The shock lasted long enough to keep me mute as I nodded my thanks and accepted their compliments about how young it made me look, then stumbled out the door to my car.  The numbness hung on long enough for me to drive home, survive the heathens' giggles, and Kerwin's delight.  (Instant suspicion -- has he really wanted a blonde all these years?)  The shock broke the following morning when I woke up and didn't recognize myself in the mirror.  I cried.  I'd gotten exactly what I thought I wanted.  Yes, I looked younger.  But not a younger me; a younger someone else, someone I didn't know at all.
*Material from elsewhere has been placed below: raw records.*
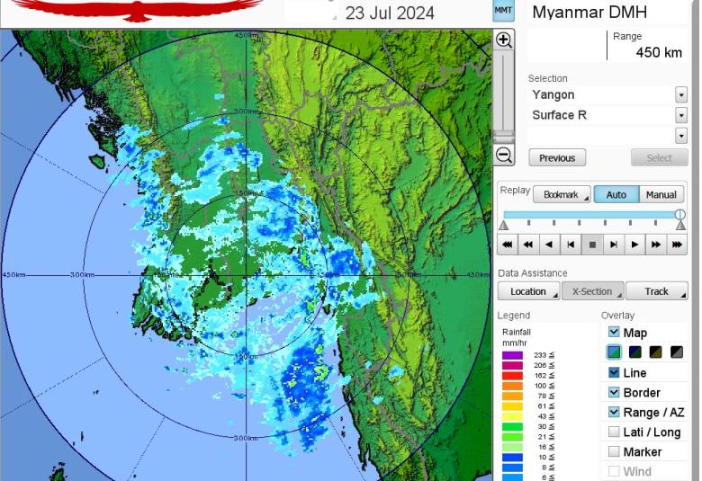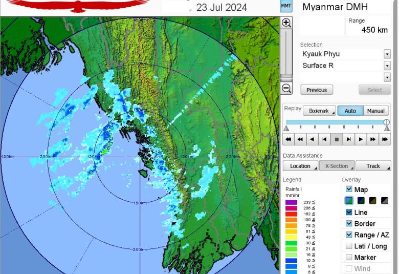 ဘင်္ဂလားပင်လယ်အော်အခြေအနေ။ ကပ္ပလီပင်လယ်ပြင်နှင့် ဘင်္ဂလားပင်လယ်အော်တို့တွင် မုတ်သုံလေ အားကောင်းနေပါသည်။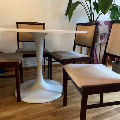 Nb! Har en annen annonse med 4 stoler men med sortmalte ben.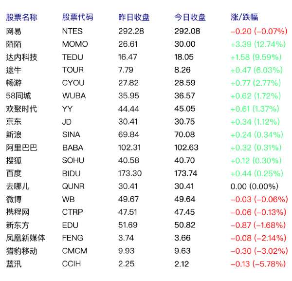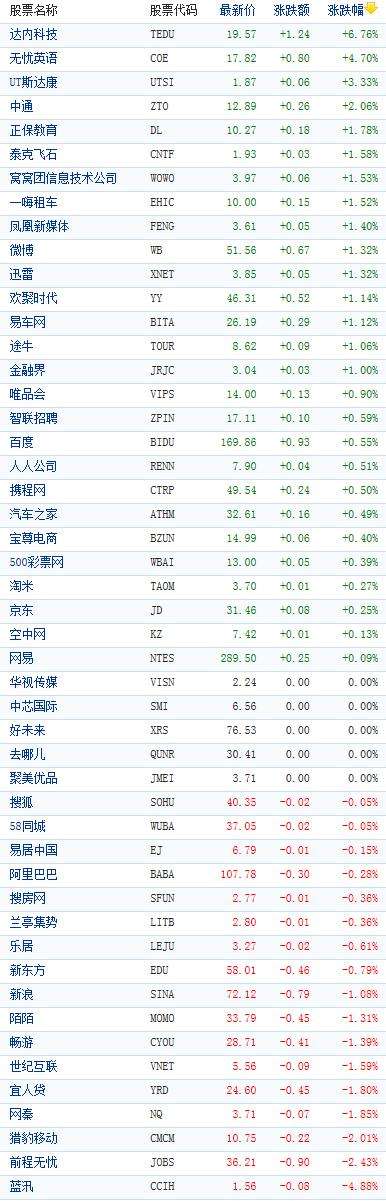 - 2017年6月2日金融界美股讯:北京时间3月29日凌晨消息,周二美股低开高走,道指攀升0.73%,从而结束了八连跌的颓势,能源和金融板块领涨。美国消费者信心指数创下16年新高,提振了市场情绪。中国概念股周二收盘涨跌互现,百度(美股BIDU)上涨0.55%报收169.86美元,京东(美股JD)上涨0.25%报收31.46美元,阿里巴巴(美股BABA)下跌0.28%报收107.78美元;四只股票涨幅超2%,其中达内科技...
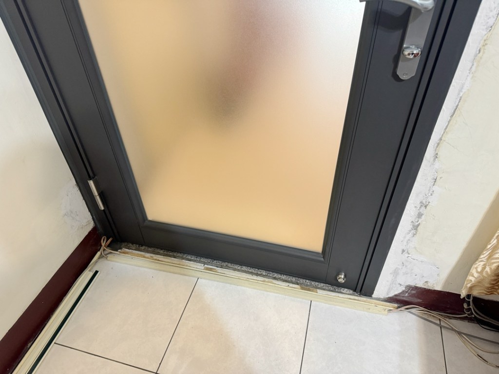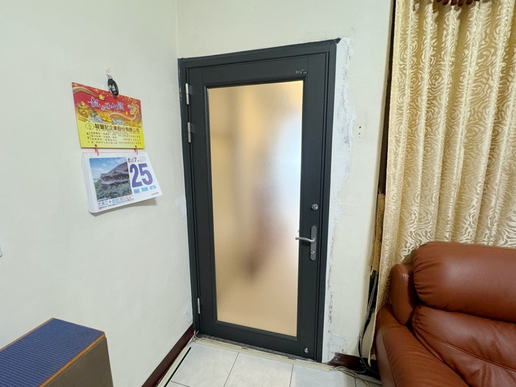 因業主希望保持原來門寬,建議舊有的硫化銅門舊框全部拆除,改安裝精緻玻璃鋁門。
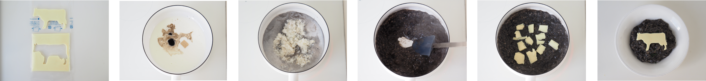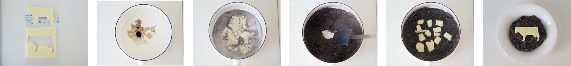 ・チーズを2枚合わせ、牛型で抜いておく。残りは大きめに刻んでおく。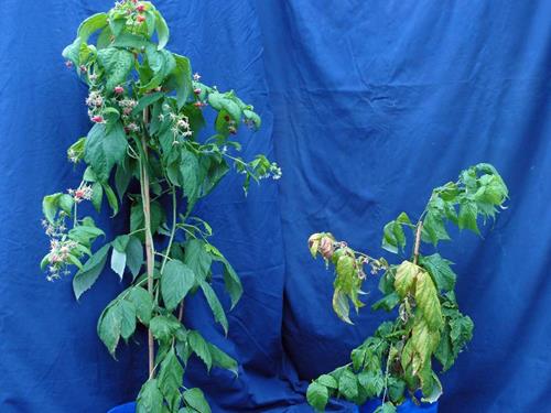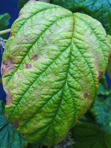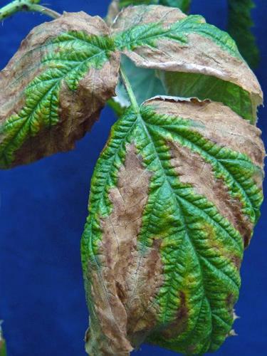 Raspberries have a relatively high demand of Potassium. An imbalanced nutrient supply with K, Mg and Ca may induce K deficiency. Its availibility can be restricted in clay soils.
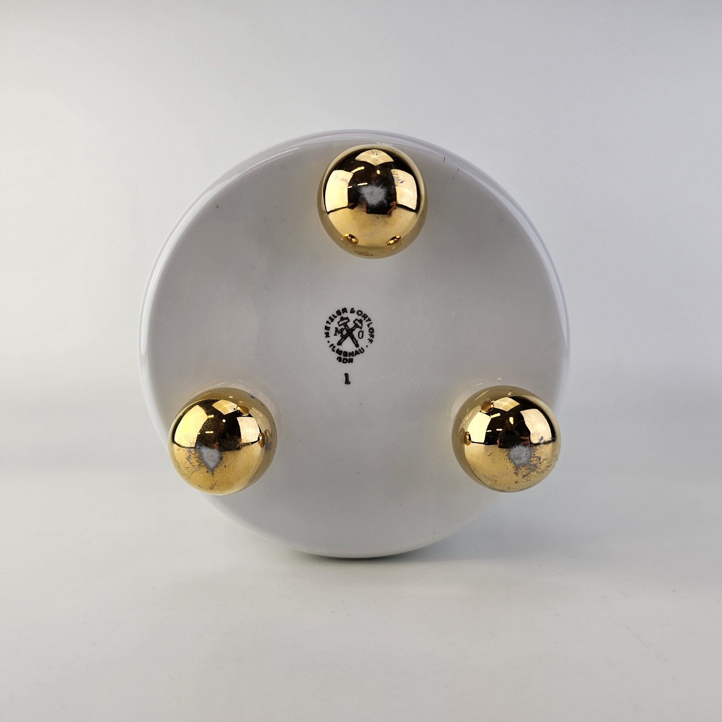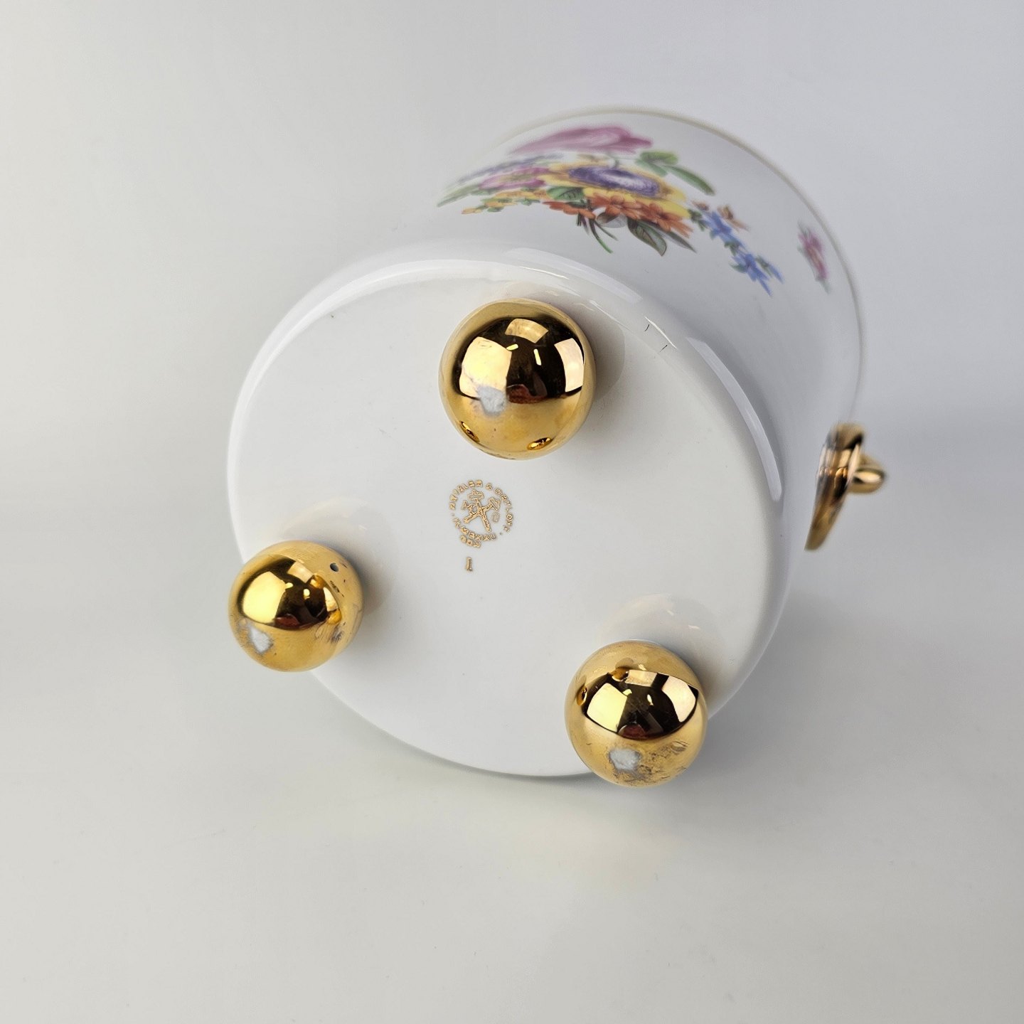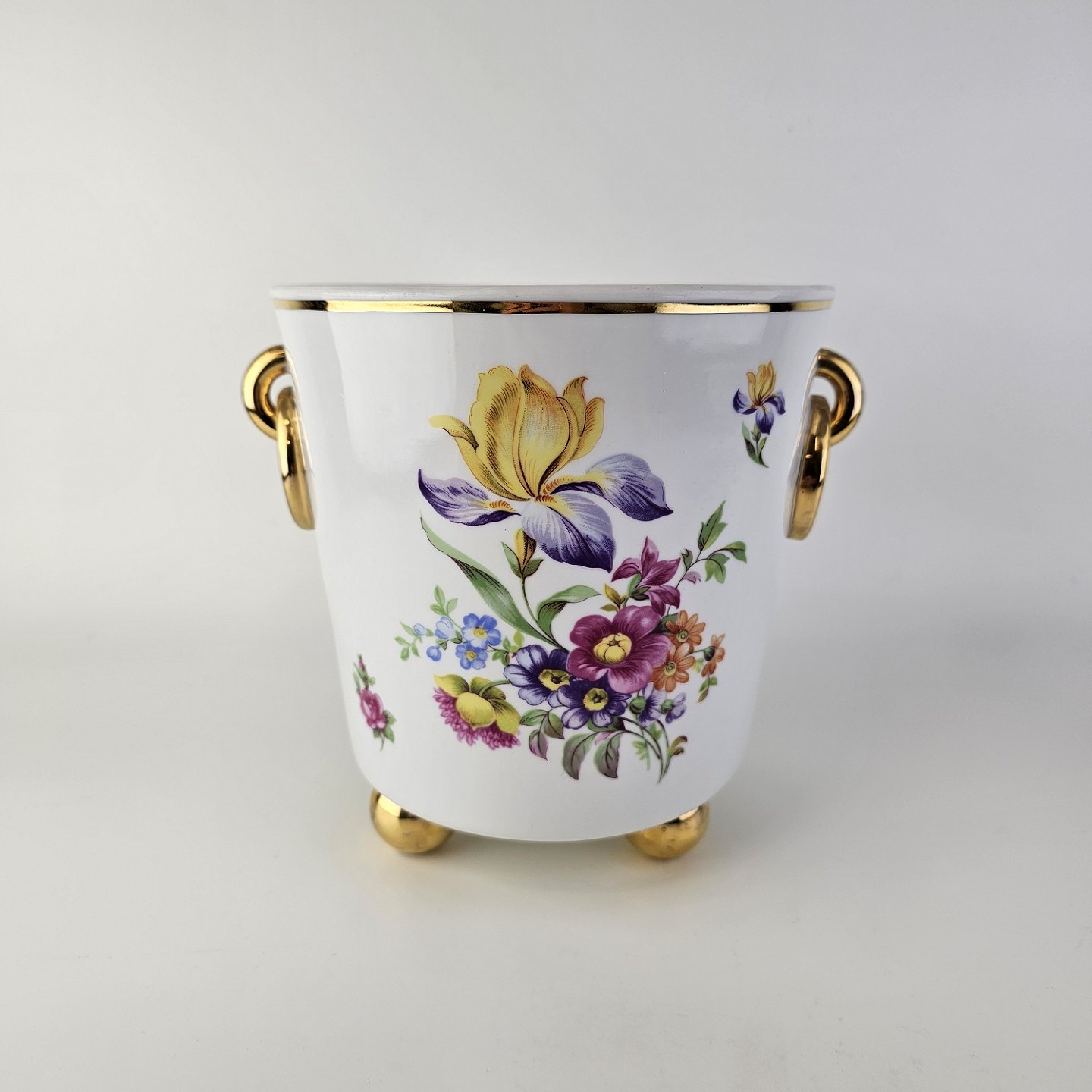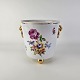Beskrivelse: Urtepotteskjuler i porcelæn med farverigt blomstermotiv med tre guldbelagt kuglefødder og to guldbelagt hanke,

Growing up in northwest Iowa amidst the descendants of Swedes, Germans and Dutch, blonde wasn't exotic--it was "normal."  Even my sister was blonde, with green eyes.  My husband, who grew up in a house six blocks away, was blonde.  All the cousins I saw daily were varied shades of blonde and red.  Even my mom, who gave me these genes, had light brown hair to go with her deep olive skin.  She often joked about how easy it was to find me at school productions and activities; all she had to do was look for the one black head among the sea of paleness.  I hated being different, yet in a perverse way, I loved it, too, because I resembled my beloved grandmother.

Nana, Katie Wiese, was a renegade in a time when women couldn't even vote; an artist who painted nudes and lush religious scenes in which Jesus had dark hair, a large nose and sorrowful black eyes.  She taught me to sew doll clothes and bake bread and told me stories of weaving a playhouse in the middle of Dakota prairie grass.  She painted the insides of her cupboards red, read a page in the dictionary every night, and listened to her "Beautiful Music" in the middle of the night.  When cancer resulted in the amputation of her right arm at the shoulder, she taught herself to do everything--including paint--left handed.  She defied all the odds the doctors laid before her, because she never gave up.  Never.  When I bleached my hair, it felt as if I'd bleached out the last piece of her in me.

I'd become an impostor.

Hair is a small thing, barely worthy of mention, if it hadn't registered in my mind as the final step in 15 years of suburban assimilation.  Since moving away from my family to a completely different world, I'd changed a lot of things about myself, some of them so tiny that they'd passed without notice.  The way I spoke, the food I ate, the friends I made, finally even the way I thought.  No wonder I couldn't write; there wasn't enough of "me" left to go into it!

So like Kurt, I needed to reconnect to the person I used to be and rewalk some old paths, wrong turns and all, to reorient myself to the places and people who made me what I am.  And to show me where I'm going.  Much of that I've done here, in these journal pages, with my meandering memories of people, places and feelings.  Thanks for sharing the journey with me.